Here’s what two of them said at the end of the semester about their experiences:

H: [This class] has been the most educational experience I have had. In this course I learned many new things about myself and developed skills and abilities that will forever help me in my future. This class was an unusual class.  We learned to see things in many ways and through different perspectives. Through all these experiences I learned a lot about myself and became a more responsible and independent individual. This course always made me think beyond my limitations and really expanded my mind.

J: After realizing what we were doing was bad, and had a negative impact on others, I attempted to change myself a little bit. I started to … clean my act up by considering the feelings of others. I decided that even though it was late in the semester, there was time for change. I was able to start participating in class as much as I could and I took the opportunity to become prime minister of [our Civic Mirror country]

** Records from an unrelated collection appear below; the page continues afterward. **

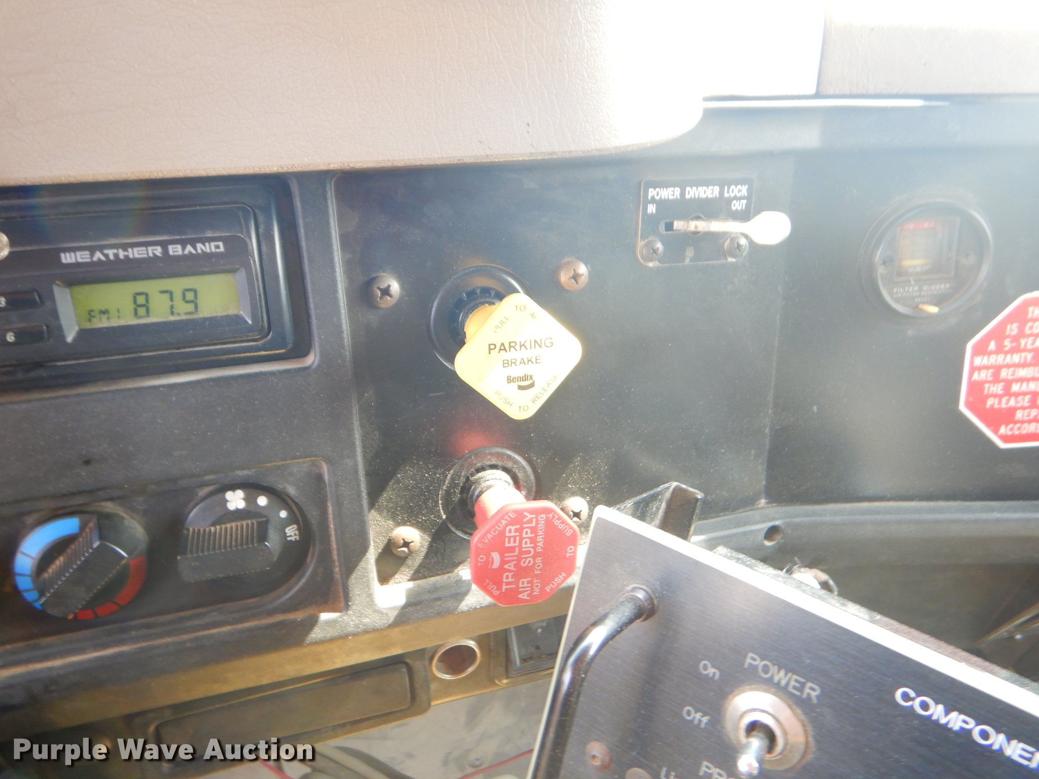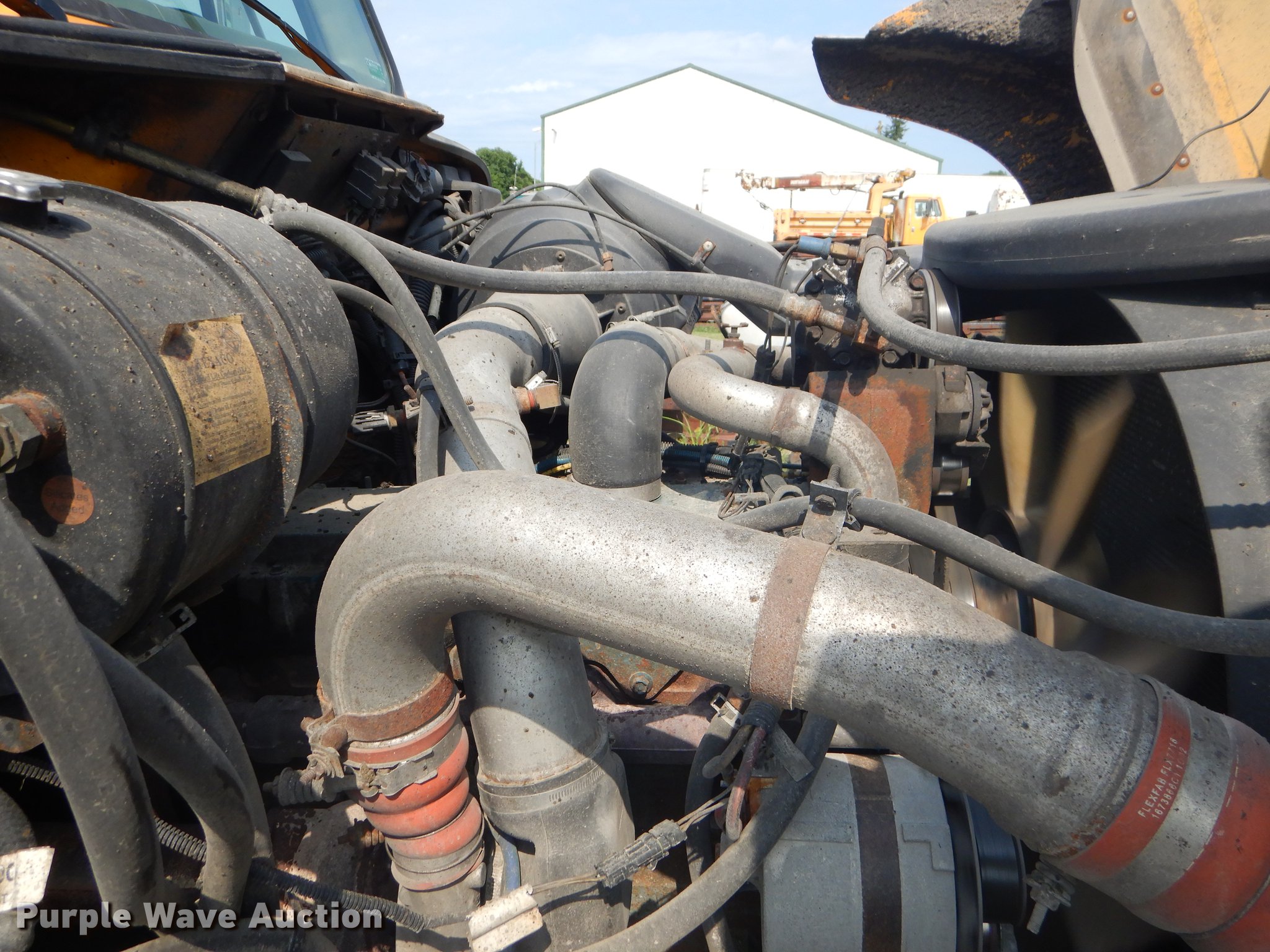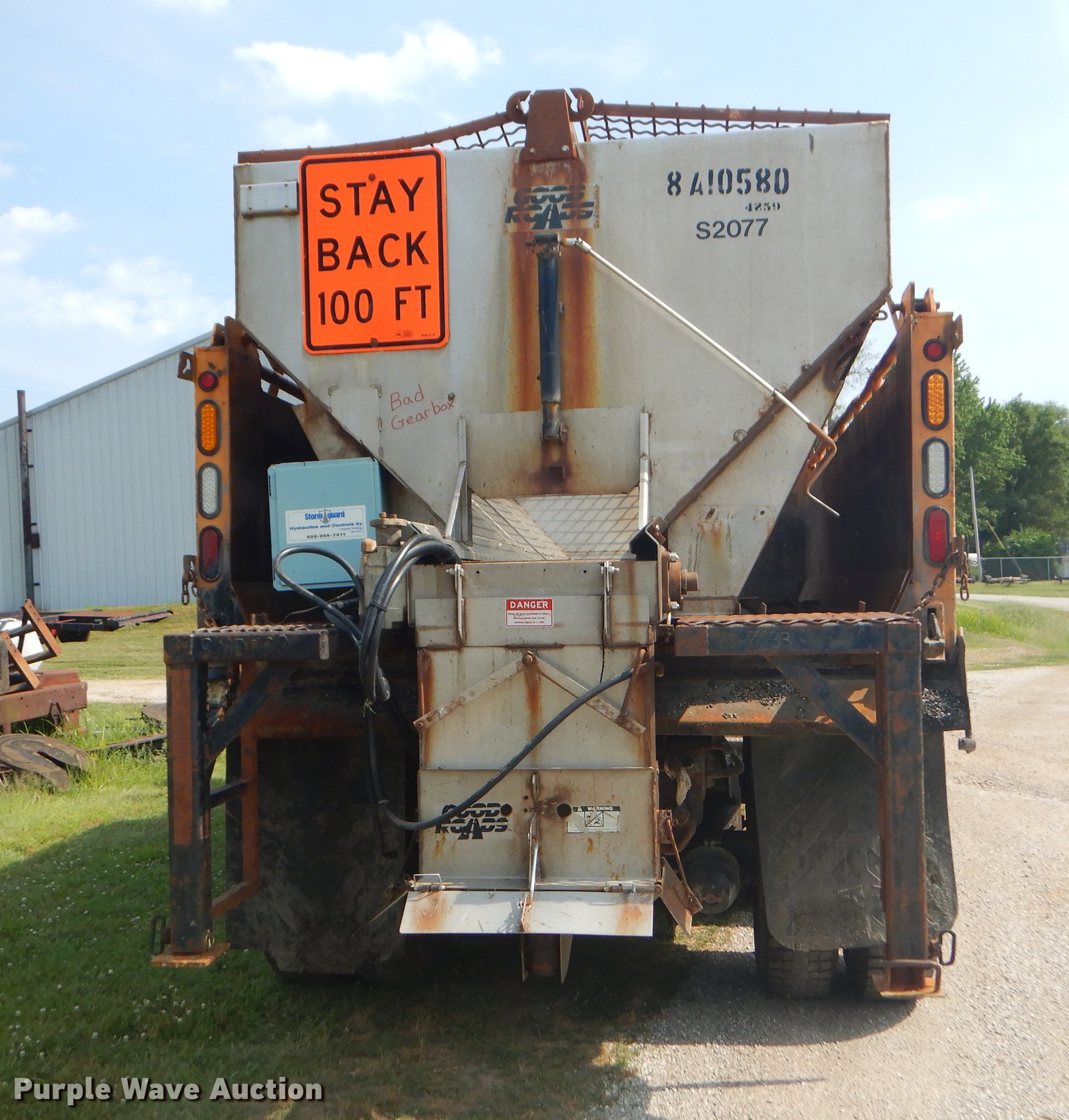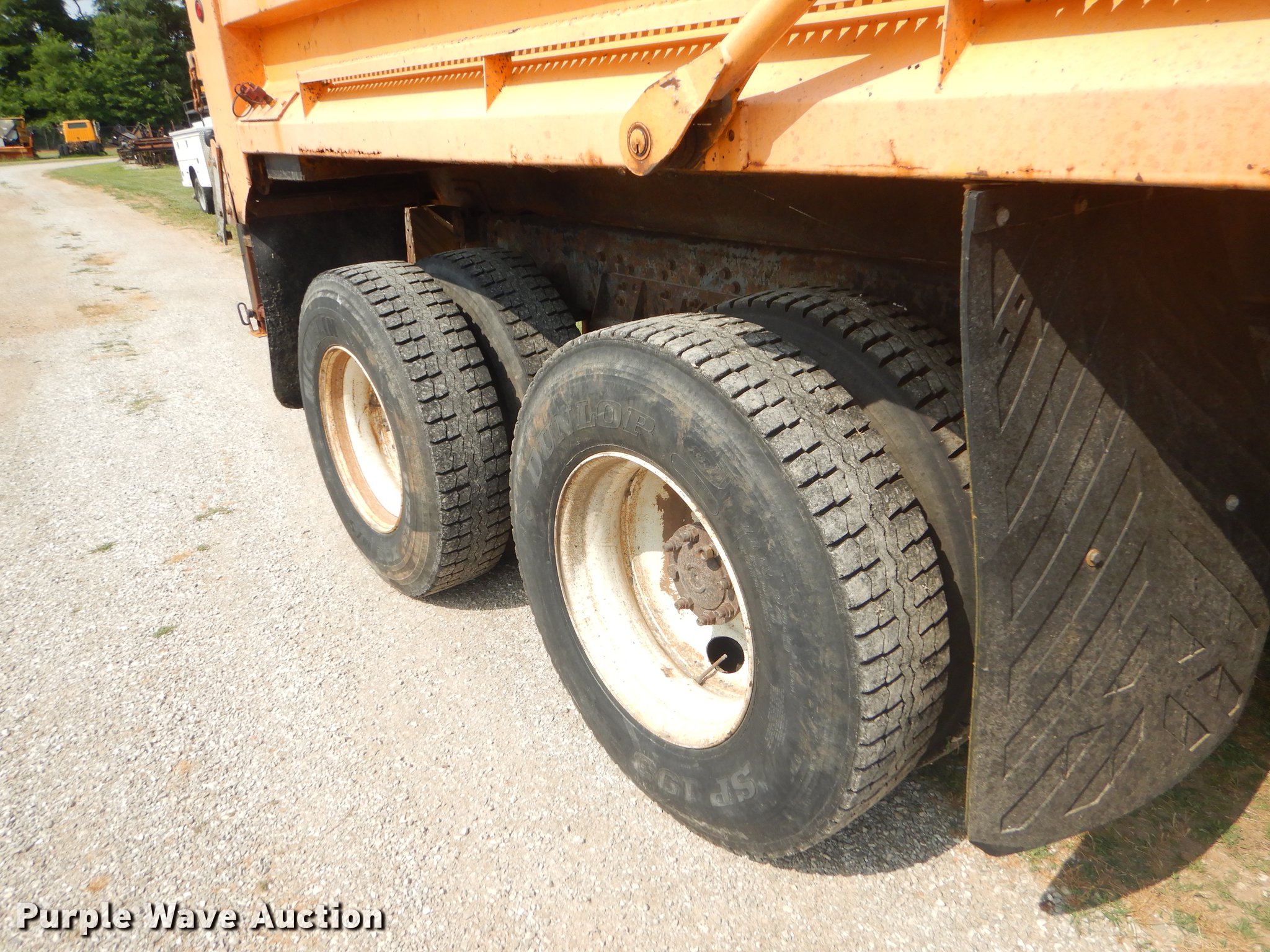 Purple Wave is selling a used Construction Dump Truck in Missouri. This item is a 2002 International 2554 dump truck with the following: 175,794 miles on odometer, 8,916 hours on meter, International DT530 8.7L L6 turbo diesel engine, Automatic transmission, Tandem axle, Inter-axle differential lock, AC and heat, Cruise, AM/FM/weatherband, Power windows, Power and heated mirrors, Air suspension seat, Air ride cab, PTO, Toolboxes, 16'L x 96"W steel dump bed, 36" side height, Single ram hoist, 134"W plow, Good Roads spreader, Single fuel tank, Pintle hitch, Walking beam suspension, Air brakes, 216" wheelbase, 315/80R22.5 front tires, 11R22.5 rear tires, Unknown operating condition, MODOT ID 6703
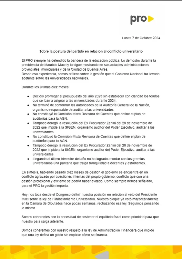 El PRO, encabezado por Mauricio Macri, decidió brindar su respaldo al veto presidencial de Javier Milei sobre la ley de aumento de financiamiento para las universidades nacionales. Este apoyo será crucial para el Gobierno en la Cámara de Diputados, ya que los votos podrían ser decisivos para bloquear cualquier intento de revocar la decisión del Ejecutivo.
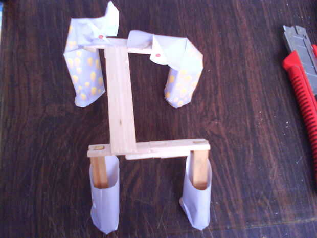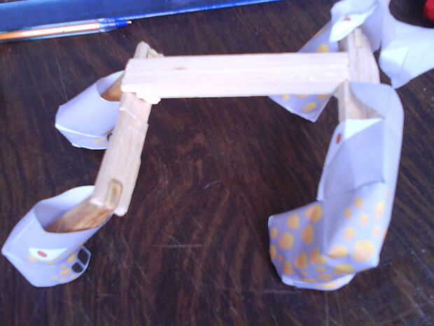Desmontar las pinzas de ropa y reservar uno de los muelles. El mapache de la madera son los "huesos" de las piernas. Utilicé un trozo de tablero de la espuma para poner en los pies y pegado con pegamento caliente, la madera en ellos. Utilizando el número de parte 8 ("vientre"), midió la distancia que sería una de la otra pierna y pegado un pedazo de madera que conectan. Luego Mida la distancia entre la parte delantera y patas traseras, corte y había pegado de la madera base, uniendo todos los fours, formando la base.
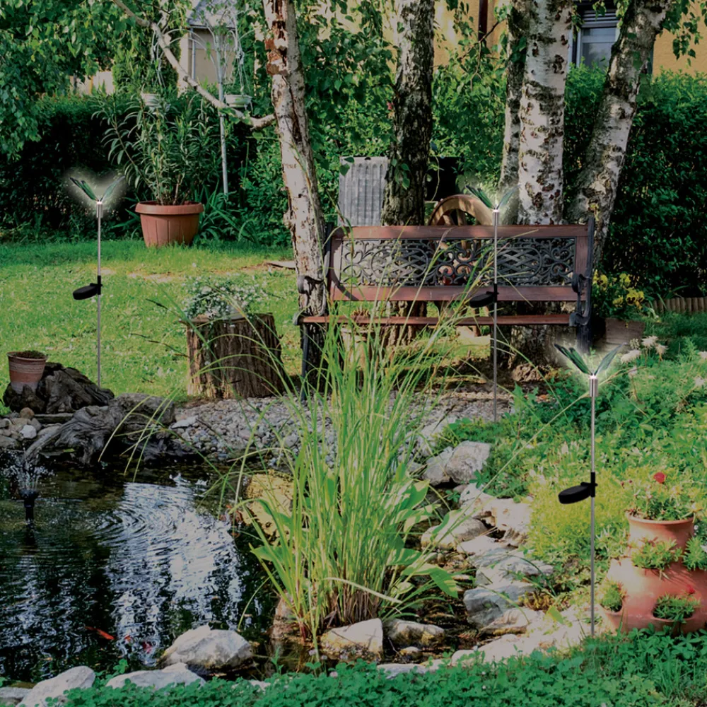 Deco-solcellelys sommerfugl, jordspyd, RGB LED

J, the leader of The Crew, was twice elected Prime Minister of the  class’s simulated Civic Mirror country. His government was responsible for the country receiving the highest Civic Mirror ranking of all my classes over the past 8 years.

P, another member of the crew, got onto the Honour Roll for the first time, joining J who got on for the second time since Grade 8.

The entire Crew passed the provincial, standardized exam.

The Crew taught me that I didn’t need to worry about the menu. It was just fine.

C was right.

2 thoughts on “Lessons Learned”

  1. Have been there so often, as well! While I care deeply for and appreciate every child who comes to my class, I have to say–“The Crew” kids, the most challenging ones, are the ones whose learning, progress, and personal growth feel the most rewarding because it is so hard-fought. Great post–thank you!